The sooner your partner makes these changes, the better: Sperm take a while to mature, so any improvements now will yield better sperm specimens in about three months.

8. Do lay low right after intercourse

You have probably heard this one – lie in bed with your feet in the air after having sex to increase your chances of getting pregnant. The verdict? Not (totally) true.

“It’s good advice to lay in bed for 10 to 15 minutes after intercourse, but you don’t need your feet in the air,” Goldfarb says. “Your pelvis does not move when you put your legs in the air.” Don’t go the bathroom during this time either, he says. “If you wait 10 to 15 minutes, the sperm that is going to get into the cervix will be in the cervix.”

9. Don’t overdo it

Having sex every day even during ovulation will not necessarily increase your chances of getting pregnant. “In general, every other night around the time of ovulation helps increase your chance of getting pregnant,” Goldfarb says. Sperm can live up to 72 hours after intercourse. The best suggestion is to have sex regularly — when you’re ovulating, and when you’re not.

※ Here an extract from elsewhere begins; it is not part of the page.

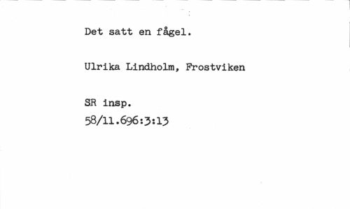 //// Det satt en fågel. Ulrika Lindholm, Frostviken SR insp. //// 58/11.696:3:15 ////

Speaking of sperm, “wearing tight-fitting clothing can negatively affect sperm count,” Piscitelli says. So too can spending time in hot tub or Jacuzzi. Your man’s cell phone habits may also also need some work. A study in the journal Fertility and Sterility showed that men who used a hands-free device with a cell phone and kept their phone close to their testicles had poorer sperm quality.

He might want to pass on the edamame and other soy foods for a while, too. Men who eat a lot of soy foods may have a lower sperm concentration than men who don’t eat soy foods, according to a study published online in Human Reproduction.

10. Do de-stress any way you can

Try not to get stressed out about starting a family. You may roll your eyes if someone says, “Just relax and it will happen,” but stress can actually interfere with ovulation. So the more relaxed you are, the better!

Whatever helps you de-stress is fine, as long as it’s healthy. “There is some evidence that acupuncture can help reduce stress and increase your chances of becoming pregnant,” Goldfarb says. And although drinking too much alcohol when trying to get pregnant isn’t smart, a glass of wine won’t hurt.

11. Do live a healthy life

Exercising is a healthy habit – especially if it helps keep you at your ideal weight. Just like anything else, though, you can get too much of a good thing. “Too much exercise can cause you not to ovulate,” Goldfarb says.

What’s too much? It may be different for different women. If you are a hard-core exerciser and are still getting your period regularly, your exercise regimen is most likely not a problem, he says. But, Goldfarb adds, your menstrual period is not the first thing to go if you are exercising too heavily. “The first thing that happens is that you have a shorter second half of your cycle.

You should have a period 14 days after you ovulate, but too much exercise can shorten this phase.” This would be the first hint that you need to curtail your fitness regimen. He suggests tracking how long it takes you to get a period after you ovulate as the best way to know for sure.